Comment by Henrik Nordvik — January 15, 2010 @ 07:37
@henrik: I can’t really tell off the top of my head, but at 100 requests per connection, the connection rate would be one hundreth of the request rate. Since I wasn’t able to starve Varnish, I wasn’t really in a position to test the connection rates properly. The clients had too great of an overhead in setting up connections.
As far as graphs go – I want it. Munin would obviously be both too slow/low detail and too intrusive (Starting a new process on Linux when it’s overloaded is a pain). The administration console does have the resoultion I want, so I might set that up. I’ll have to see if I can’t find a reasonable way to export/store the graphs from the admin console and/or put marks on it (ie: “Now I’m trying THIS command”). Ideally I’d want a tool that can do it automatically too, so I wouldn’t have to manually mark several hundred variants of the same commands…. I may just end up making my own.
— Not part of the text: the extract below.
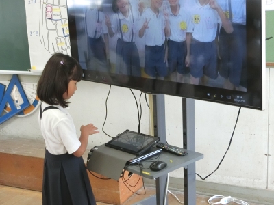 1・2・3丁目ごとに班で分かれて校区を「町たんけん」した様子や、気づいたことについて発表していきました。当日にデジカメで撮った写真をタブレットPCに取り込んで、大型ディスプレイに映し出し発表していきました。大きな声ではきはきと発表しており、練習の成果が伺えました。お友だちのよいところを見つけることができた、発表会になりました。

As far as number of objects go: I got a better performance when I used multiple 1-byte objects. I didn’t see a huge difference between 1000 objects and 1000 000 objects, but from 1 to 1000 was noticeable (a few thousand requests per second). I suspect this is Varnish performing better, but I can’t be sure that it’s not just httperf being more efficient until I’ve starved Varnish.
Oh, and I haven’t looked closely at the data from httperf. Since it’s running on so many different nodes, it’s hard to aggreagate the data, though possible. It’s easier to just use Varnish for this, but ideally I’d like to look at both the data Varnish gives me and httperf. But I suspect that will take a good bit of time to set up.
Comment by kristian — January 15, 2010 @ 12:30
Maybe you could share your sysctl setup for varnish. This would be useful information.
Comment by nm — March 11, 2010 @ 04:41
Also, I do not see where/how to set shmlog on tmpfs. Are you saying to create a tmpfs and soft link the _.vsl to that?
Comment by nm — March 11, 2010 @ 05:03